Think of where you feel most secure. Lying fully prone on a warm beach or snuggled in your own bed? Lost in swirling crowds during a lunchtime break or hiking in the high country? Few would answer, “Behind locked doors and high walls.” As psychologist Richard Farson has observed, the term “security” is bound in paradox: Where security systems assert themselves most forcefully—in prisons, for example—fear, discomfort, and even danger often flourish; conversely, the absence of visible protection can promote the feeling of well-being.

In recent months, security by design has leaped from a single item on the architect’s programmatic checklist to the headlines. Architects and other design professionals are engaging in a national debate, spawning a mini-industry of consultants, Web sites, and AIA conferences in their wake, to discuss safety and security for the built environment. If you take Farson’s point, however, you quickly realize that security engages both fact (statistical reality) and perception, with design at the fulcrum, balancing the two.

When terrorism shattered our world, did facts dictate that all buildings become bunkers? Two building types illustrate the dilemma, with differing solutions. As Jane Loeffler, Ph.D., has written, embassies evolved, by policy, from projections of American culture (remember Edward D. Stone’s embassy in India) to thick-walled, heavily protected, interior-oriented structures with little room for architectural involvement. Despite the Nairobi bombings and contemporary realpolitik, critics decry these fortresses, with their unintended negative connotations of America’s image abroad.

By contrast, American courthouses, under the direction of the General Services Administration (GSA) and prompted by an ethos passionately articulated by former senator Daniel Patrick Moynihan, had begun to open up. In buildings from Las Vegas to Boston, we began to see symbols of justice that democratically engaged the city, opening a transparent, public face to the community, while sequestering judges chambers, juries, law enforcement, and defendants in more protected, private areas. Courtrooms became the mediating space between the two exposures. Can this openness continue?

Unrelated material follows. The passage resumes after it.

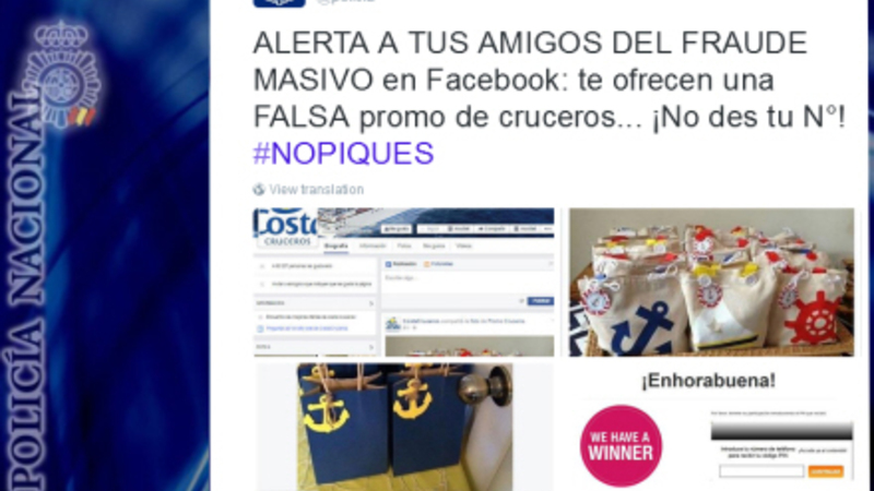 Brugerne bliver omdirigeret til en hjemmeside, hvor de får at vide, at de kan vinde præmiepakker herunder 1.000 euro i kontanter, fem billetter til et krydstogt og en T-shirt med logoet for Costa Cruceros. Det spanske rejseselskab skulle angiveligt stå bag kampagnen.

In this murky time, risk assessment can help provide direction for decision making by architects. By isolating the types of potential threats and addressing each as a design dilemma, imaginative solutions can produce buildings that enhance our feelings of well-being while simultaneously providing protection. Our plans may change: As in the new GSA courthouses, layered zones may progressively increase in wall thickness, in material strength, and in active protective systems from public to private realms. Buildings at high risk for blast damage can offer greater setbacks, wall hardening, minimized adjacency, and mitigation of projectile damage, none of which need affect the public’s appreciation of transparency or accessibility. It should be possible to appear open and be safe.

Make no mistake, the moment is dangerous. The list of potential security challenges can seem daunting—biohazard, theft, crowd control, arson, chemical attack. However, if we are able to determine which threats to address dispassionately, our solutions can become part of our overall design palette, much as we design for fire safety today. New products and systems may be invisible components of total building safety, similar to systems for fire suppression or thermal comfort. Speaking from his experience with airport design, architect Laurence Speck offered, “If it’s designed in, it should be as natural as a stove in a kitchen.”

Architectural Record wants to help. While this April issue includes the latest definition of “home,” our most sacrosanct environment, we wanted to address the notion of security in other types of buildings and structures. Together with our sister publication, Engineering News Record, we offer a special publication, Building for a Secure Future, that addresses the security paradox, encouraging us to design buildings that are simultaneously transparent, welcoming, and safe. Do you feel secure where you are today?